Chapter 22 #2
I spread my hands as wide as they’ll go, steadying myself against the closed door at my back. Rubbing my palms along the bumpy texture of the wall, I absentmindedly study the chest.
Taking in the shape. The depth and the size of it.
My feet carry me a few steps forward. I approach the way one would approach a scared child: Cautiously. Curiously.
With a thumb, I swipe away the condensation gathered on the temperature gauge.
Negative twenty degrees Celsius.
I don’t bother whipping out my phone to do the conversion. I know that’s really cold.

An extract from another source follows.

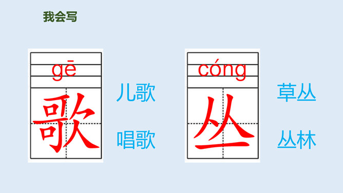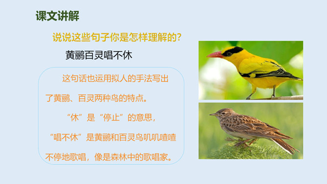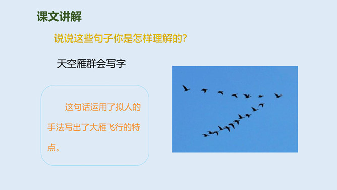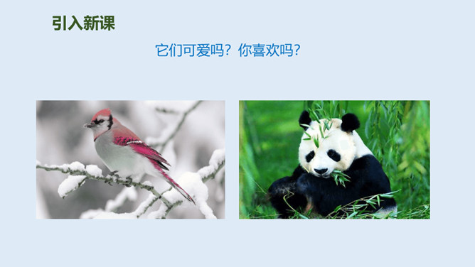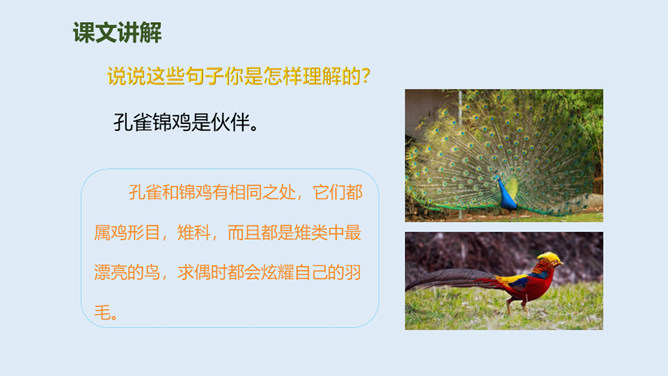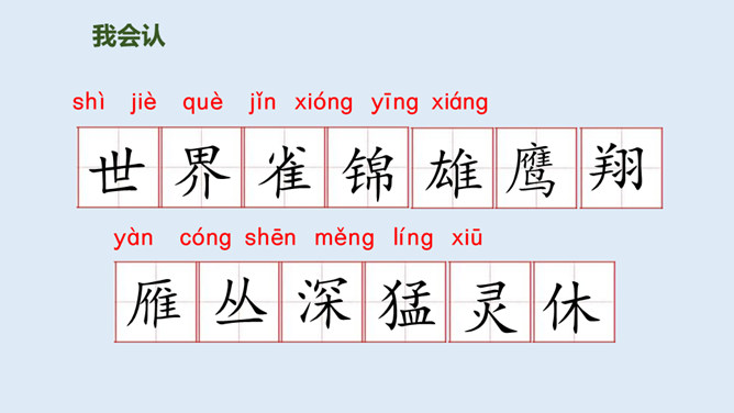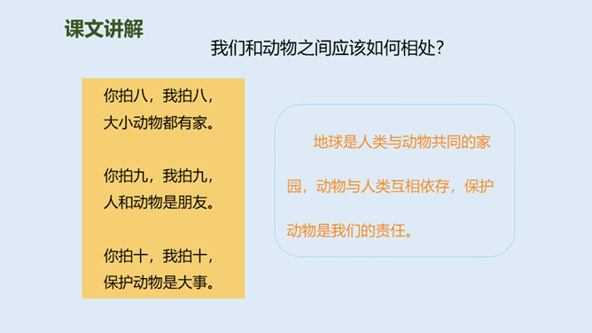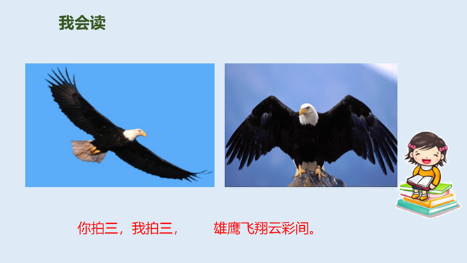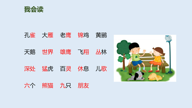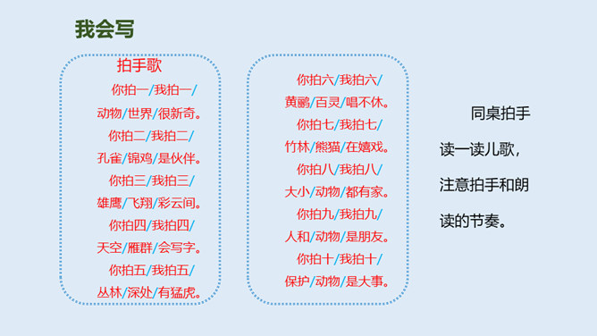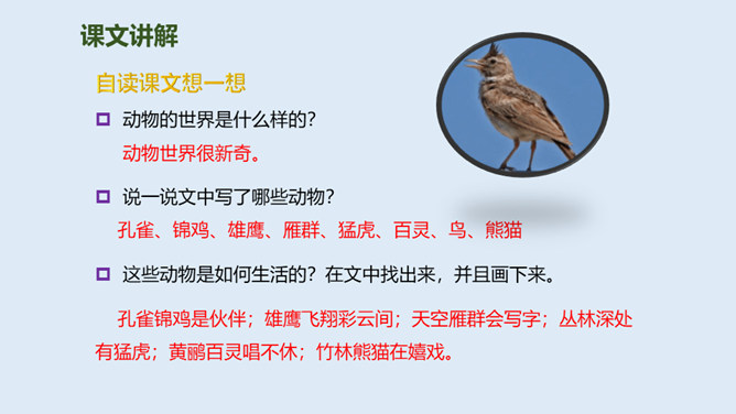 要求:读准字音、读通句子。思考:课文写了什么?本文以拍手歌的形式,给我们描绘了一幅动物在自然界里生存的美好画面。动物的世界是什么样的?动物世界很新奇。说一说文中写了哪些动物?孔雀、锦鸡、雄鹰、雁群、猛虎、百灵、鸟、熊猫。这些动物是如何生活的?在文中找出来,并且画下来。孔雀锦鸡是伙伴;雄鹰飞翔彩云间;天空雁群会写字;丛林深处有猛虎;黄鹂百灵唱不休;竹林熊猫在嬉戏。所属专题:拍手歌ppt。

How cold does it feel on the inside?
The box is long enough that if I bent my knees, I could easily fit inside.
The last time I saw the chest open, it housed only a few bottles of vodka. There was plenty of room. I could close myself in. It would be quick.
There may not even be enough time to feel the cold before I succumb.
It would feel incredible. Blissful. Soothing.
The idea of embracing the cold, and just letting go…
I want it.
I want to be inside the chest.
I try to lift the lid, but it catches.
It’s locked. I’d forgotten.
Scanning the cooler, I spot the keys hanging up by the door.
But just as I make my way over to snag them off the little hook on the wall, the door swings open.
“There you are.” Crystal appears, wearing a confused frown. “Did Sean send you back here? I was getting worried.”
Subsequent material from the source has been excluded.